Confirmation of Transgenic Rice

To confirm the presence of Cas9 and gRNA cassette, DNA was extracted from all plants that were developed through tissue culture, using the CTAB method (Stewart, 1993). The construct was confirmed by PCR using forward primer at vector backbone (OsPRGEB32 F 5′ GGTGCTACCAGCAAATGC TGGAAGCCG3′) and reverse primer designed on gRNA (OsPgRNA1-R: 5′-AAACGGTTGGAGGGGGTTTATATC-3′, OsPgRNA2-R: 5′-AAAC GCTGCTGACATGCATGCCC-3′ and OsPgRNA3-R: 5′-AAAC TTCAAGCAAAGCAAACTCAC-3′ for gRNA 1, 2, and 3 constructs, respectively). The 273 bp amplicon confirmed the presence of construct (Supplementary Figure S2). Gene specific primers were used to confirm the presence of Cas9 (Table 1- primer set 2 (partial Cas9) and 3 (full Cas9). Promoter fragments of the OsSWEET14 gene were amplified using primers (Supplementary Table S1- primer set 1) from all the plants and PCR products were sent for Sanger sequencing.

T7 Endonuclease Assay

For the T7 endonuclease assay, the genomic DNA was extracted from T₀ plants and the flanking target region was amplified using primer set 1 (Supplementary Table S1- OsP-F and OsP-R) to amplify the promoter (Supplementary Table S1). The purified PCR amplicons were denatured and renatured then subjected to T7 endonuclease I (NEB, M0302) following the manufacturer’s instructions. The products were resolved on 2% agarose gel and then stained with ethidium bromide.

Screening Against Bacterial Blight Resistance

The screening of edited lines against bacterial blight was performed under containment glasshouse conditions. The 1st round of screening was performed on T₀ plants. Two plants from each line were selected for inoculation. T₁ seeds were then collected from primary transformants. Seeds from each line were sown in separate pots containing soil (Excluding SB-E1 because seed filling was disturbed for this line).
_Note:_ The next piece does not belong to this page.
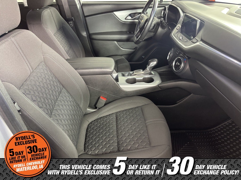 Clean CARFAX. CARFAX One-Owner. 21/27 City/Highway MPG AWD, 170 Amp Alternator, 3.47 Final Drive Axle Ratio, 4-Wheel Disc Brakes, 6 Speakers, 6-Speaker Audio System Feature, ABS brakes, Air Conditioning, Alloy wheels, AM/FM radio: SiriusXM, Apple CarPlay/Android Auto, Automatic temperature control, Black Roof Rails, Brake assist, Bumpers: body-color, Child-Seat-Sensing Airbag, Compass, Convenience & Driver Confidence Package, Delay-off headlights, Driver door bin, Driver vanity mirror, Dual front impact airbags, Dual front side impact airbags, Electronic Stability Control, Emergency communication system: OnStar and Chevrolet connected services capable, Exterior Parking Camera Rear, Four wheel independent suspension, Front anti-roll bar, Front Bucket Seats, Front Center Armrest, Front dual zone A/C, Front reading lights, Fully automatic headlights, Heated door mirrors, Heated Driver & Front Passenger Seats, High-Intensity Discharge Headlights, Illuminated entry, Inside Rear-View Auto-Dimming Mirror, Knee airbag, Lane Change Alert w/Side Blind Zone Alert, Leather Shift Knob, Low tire pressure warning, Occupant sensing airbag, Outside Heated Power-Adjustable Body-Color Mirrors, Outside temperature display, Overhead airbag, Overhead console, Panic alarm, Passenger door bin, Passenger vanity mirror, Power door mirrors, Power driver seat, Power steering, Power windows, Preferred Equipment Group 2LT, Premium Cloth Seat Trim, Radio data system, Radio: Chevrolet Infotainment 3 System, Rear anti-roll bar, Rear Cross Traffic Alert, Rear Park Assist w/Audible Warning, Rear Power Programmable Liftgate, Rear reading lights, Rear seat center armrest, Rear window defroster, Rear window wiper, Remote keyless entry, Remote Start, Ride & Handling Suspension, Security system, SiriusXM Radio, Speed control, Speed-sensing steering, Split folding rear seat, Spoiler, Steering wheel mounted audio controls, Tachometer, Telescoping steering wheel, Tilt steering wheel, Traction control, Trip computer, Universal Home Remote, Variably intermittent wipers, Voltmeter, Wheels: 18 Bright Silver Aluminum, AWD. Silver Ice Metallic 2020 Chevrolet Blazer LT AWD 9-Speed Automatic 2.0L Turbocharged

When the plants reached the three leaf stage, they were arranged in different batches for screening against bacterial blight. The experiment was conducted in three batches. There were six pots in each batch. Each pot had three plants of wild type Super Basmati, SB-E2, SB-E3, SB-E4, IR-4 (susceptible check), and a negative control. So, the edited plants were arranged along with their negative, susceptible, and wild type controls. There were three pots for each line, so a total of nine plants were inoculated for each line. The wild type Super Basmati has no editing, and the IR-24 line is susceptible to almost all kinds of Xoo strains, and was therefore used as a susceptible control. The negative control is the plant for which scissors were dipped in distilled water, without any Xoo strain, to check the lesion length introduced due to scissor injury. All of these lines were screened for bacterial blight resistance using a local virulent Xoo strain. This strain was selected on the basis that one of the four EBEs of OsSWEET14 is AvrXa7 which was present in the strain. The inoculum was prepared as described by Tu et al. (2000). All the lines were maintained in a uniform environment in the glasshouse at 30°C and 85% relative humidity. For leaf clip inoculation, 45 days old plants were used. For each plant three to four leaves were uniformly inoculated with scissors dipped in bacterial suspension (Kauffman, 1973). At 14 days post-inoculation (dpi) the plant’s responses were observed and data was recorded by measuring the full length of the leaf and lesion length in centimeters (cm). The percentage disease leaf area (%DLA) was then calculated using the below formula.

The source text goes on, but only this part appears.